Abstract
Multiple myeloma is characterized by an abnormal clone of plasma cell infiltration in the bone marrow and presence of a high level monoclonal immunoglobulin (M-protein) in the serum or urine in most cases. The monoclonal protein is usually detected as a discrete band in the gamma globulin region by serum protein electrophoresis. Rarely, it may show a simultaneous presence of two distinct bands, which could be either from a single clone, or two separate clones. We report a very unusual presentation of biclonality with lambda restricted IgG predominant cells from cervical lymph node and kappa restricted IgA cells from the bone marrow simultaneously.
Introduction
Multiple myeloma is characterized by a clone of abnormal plasma cell infiltration in the bone marrow and presence of a high level monoclonal immunoglobulin (M-protein) in the serum or urine in most cases.

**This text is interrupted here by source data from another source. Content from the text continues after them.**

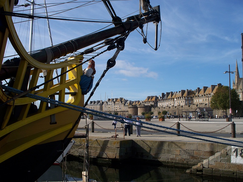 Not far from that entrance we admired the beautiful restoration work in progress on Étoile du Roy, a replica of an 18th century warship that’s now used for special events or charters. Back inside the granite walls we stopped at the cathedral that was built in the middle 1100’s and houses the tomb of explorer Jacques Cartier who claimed Canada for France in the early 1500’s.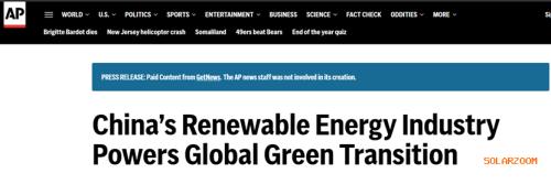美联社此前发文称,中国的光伏和风电产业取得了显著进步。2024年,中国可再生能源发电达到3500太瓦时,占总发电量的35%;风电和光伏发电总量达到1800太瓦时,占总发电量的19%。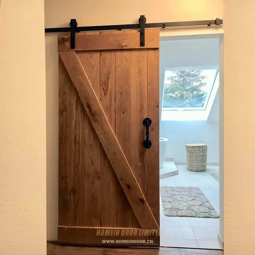 Pre:Solid wood interior laundry closet sliding barn door with frosted glass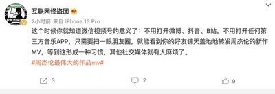 视频号虽然没有周杰伦的入驻,但因为腾讯音乐的版权加持、配合朋友圈的流量池,默默刷了波存在感。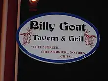 - π The Billy Goat, 430 N Michigan Ave, Lower Level (Grand Red Line), β +1-312-222-1525. M-F 6AM-2AM, Sa 10AM-2AM, Su 11AM-2AM. The original location of the famous cheezborger joint. Due to its location under the Tribune Tower, this one has been a haunt for Chicago newspapermen for decades. The burgers are dry and little more than patty and cheese, but delicious nonetheless. $4-7.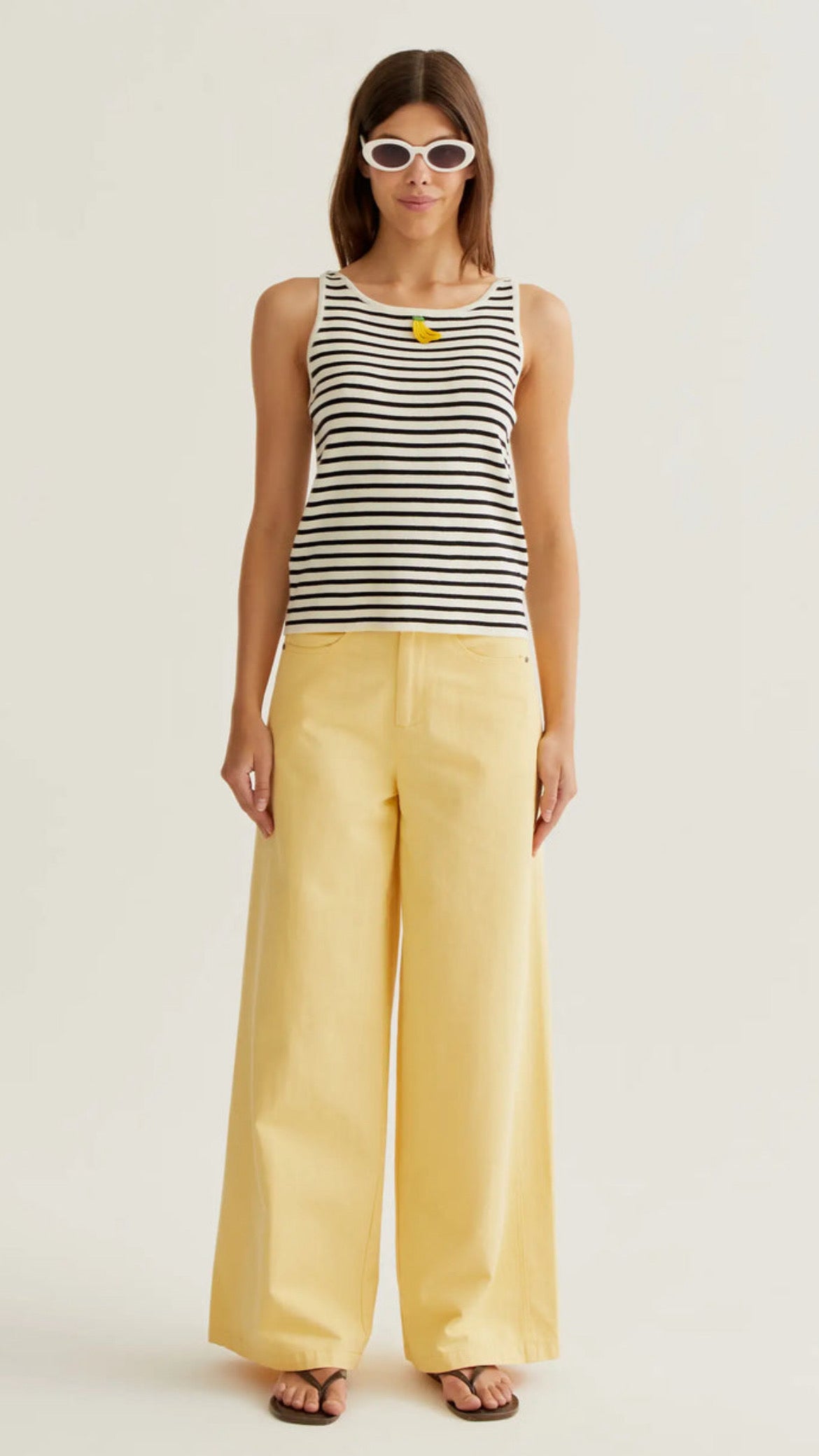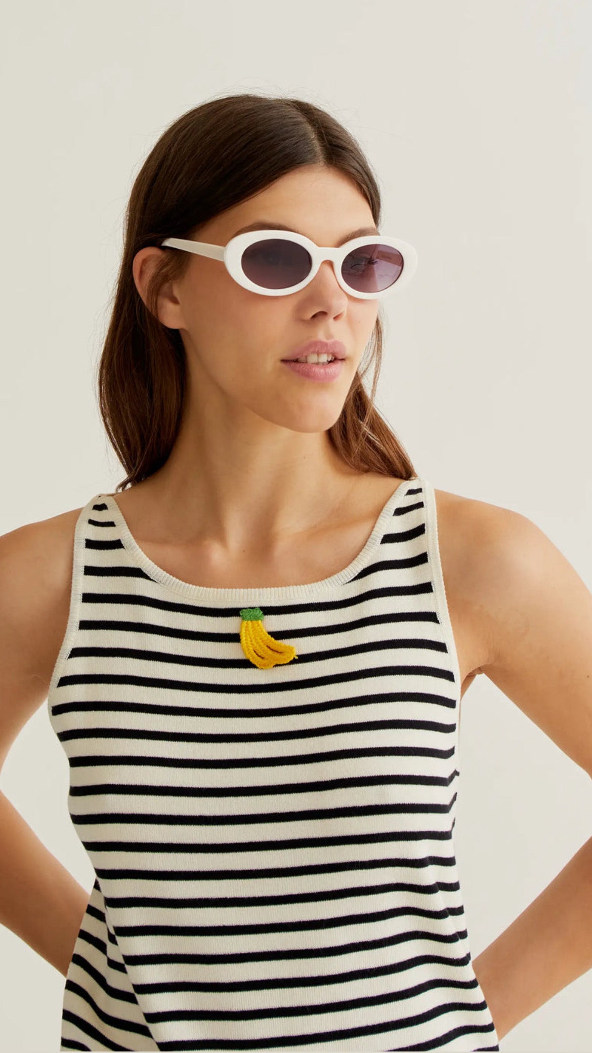 Top de tejido de punto con estampado de rayas blancas y negras estilo marinero. Diseño de cuello redondo y sin mangas, con acabados en rib que aportan estructura y mejor ajuste. Incorpora detalle frontal de banana bordada en relieve que añade un toque divertido y diferencial. Tejido suave, cómodo y ligeramente elástico que se adapta al cuerpo sin marcar. La modelo mide 177 cm y lleva la talla S.

The typical clinical manifestations are anemia, bone pain, renal insufficiency, hypercalcemia and recurrent infections. It is diagnosed by having a monoclonal protein spike in serum or urine, clonal plasma cells >10% on bone marrow aspiration/biopsy and evidence of related end organ damage. The monoclonal protein is detected by serum protein electrophoresis as a single discrete band (M-band) most often in the gamma globulin region. However, it may rarely show a simultaneous presence of two distinct M-bands as seen in 2–6% of cases [1]. We report an unusual presentation of multiple myeloma with double M-bands from likely true biclonality.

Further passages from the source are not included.